__Problem__
Keep to one stretch of the data below, the lines from the one with "Our company specializes" up to and including the one with "Local restaurants and", and return that stretch exactly.
══ Data excerpts
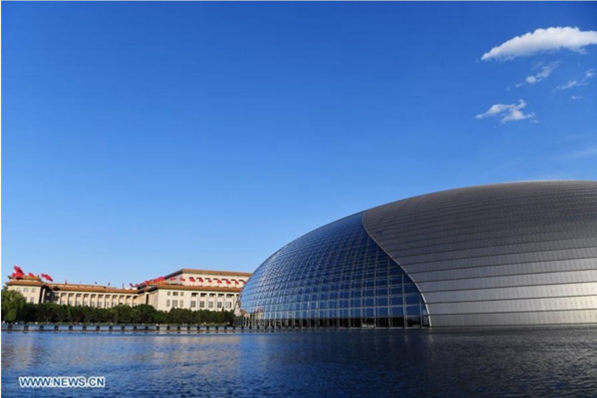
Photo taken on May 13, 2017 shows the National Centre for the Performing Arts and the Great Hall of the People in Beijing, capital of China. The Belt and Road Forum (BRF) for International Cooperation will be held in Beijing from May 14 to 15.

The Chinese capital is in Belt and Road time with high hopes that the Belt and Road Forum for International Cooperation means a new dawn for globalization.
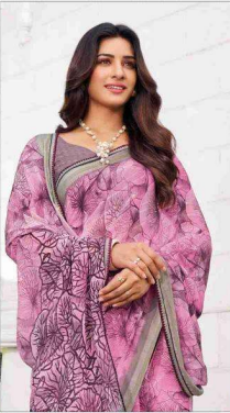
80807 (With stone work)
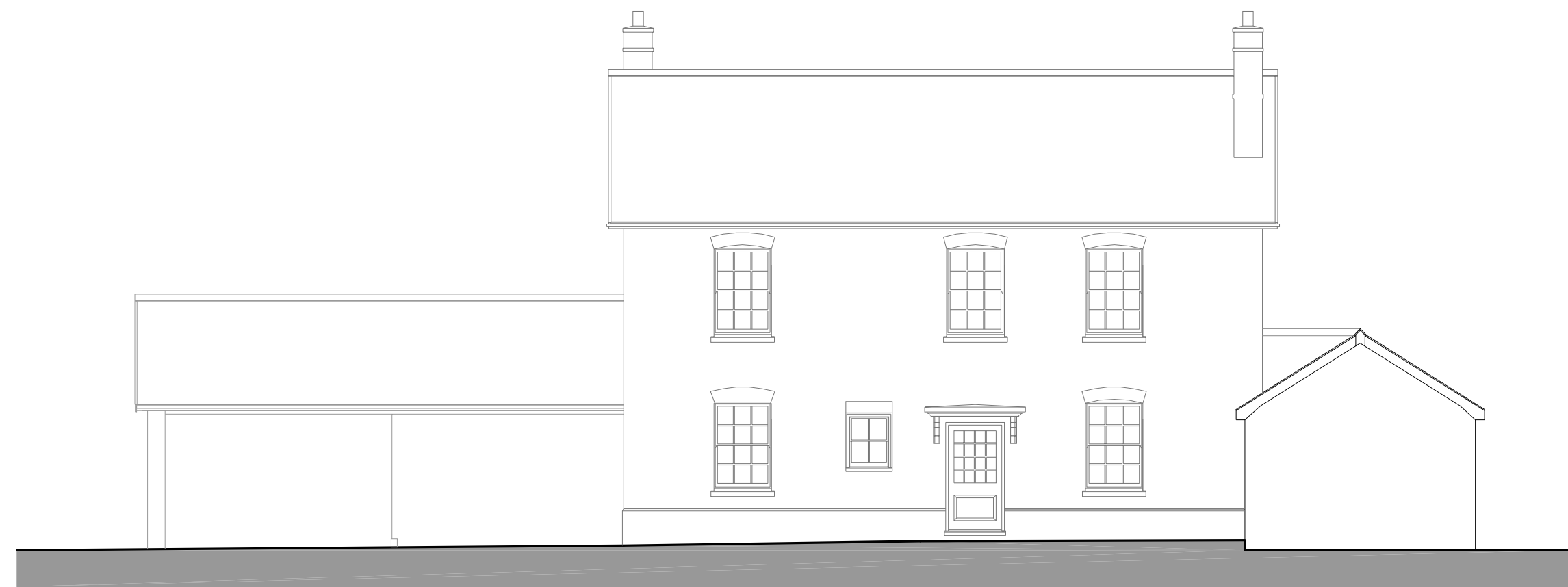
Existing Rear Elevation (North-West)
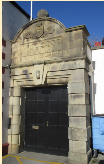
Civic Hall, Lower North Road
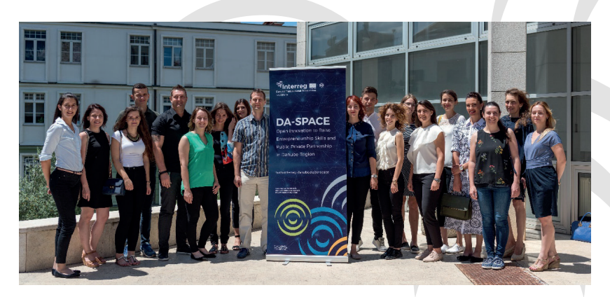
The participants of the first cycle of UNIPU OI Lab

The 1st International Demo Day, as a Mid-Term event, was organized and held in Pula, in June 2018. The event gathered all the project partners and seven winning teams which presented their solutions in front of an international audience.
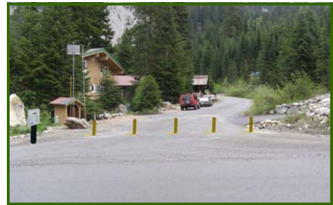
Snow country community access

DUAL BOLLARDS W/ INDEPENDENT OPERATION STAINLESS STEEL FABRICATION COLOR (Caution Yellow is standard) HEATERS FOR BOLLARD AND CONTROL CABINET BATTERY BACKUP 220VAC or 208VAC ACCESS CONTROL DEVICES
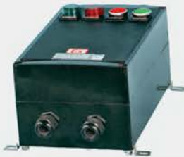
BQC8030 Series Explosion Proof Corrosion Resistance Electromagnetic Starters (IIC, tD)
════
══ Data excerpts
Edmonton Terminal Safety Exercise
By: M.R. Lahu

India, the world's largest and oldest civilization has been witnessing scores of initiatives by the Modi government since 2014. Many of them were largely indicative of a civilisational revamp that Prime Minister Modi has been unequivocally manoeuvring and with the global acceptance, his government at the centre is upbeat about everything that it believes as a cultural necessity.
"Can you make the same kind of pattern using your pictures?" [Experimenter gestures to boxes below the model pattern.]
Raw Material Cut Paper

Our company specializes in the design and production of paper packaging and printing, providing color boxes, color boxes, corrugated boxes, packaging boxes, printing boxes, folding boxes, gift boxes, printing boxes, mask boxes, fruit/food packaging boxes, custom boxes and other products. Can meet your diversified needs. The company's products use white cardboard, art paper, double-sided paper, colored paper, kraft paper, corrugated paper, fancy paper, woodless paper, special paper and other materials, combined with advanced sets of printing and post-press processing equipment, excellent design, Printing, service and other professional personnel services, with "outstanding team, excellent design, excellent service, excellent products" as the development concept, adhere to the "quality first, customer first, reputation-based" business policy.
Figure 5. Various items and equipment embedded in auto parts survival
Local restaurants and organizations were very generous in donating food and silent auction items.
════
__Answer below__
Our company specializes in the design and production of paper packaging and printing, providing color boxes, color boxes, corrugated boxes, packaging boxes, printing boxes, folding boxes, gift boxes, printing boxes, mask boxes, fruit/food packaging boxes, custom boxes and other products. Can meet your diversified needs. The company's products use white cardboard, art paper, double-sided paper, colored paper, kraft paper, corrugated paper, fancy paper, woodless paper, special paper and other materials, combined with advanced sets of printing and post-press processing equipment, excellent design, Printing, service and other professional personnel services, with "outstanding team, excellent design, excellent service, excellent products" as the development concept, adhere to the "quality first, customer first, reputation-based" business policy.
Figure 5. Various items and equipment embedded in auto parts survival
Local restaurants and organizations were very generous in donating food and silent auction items.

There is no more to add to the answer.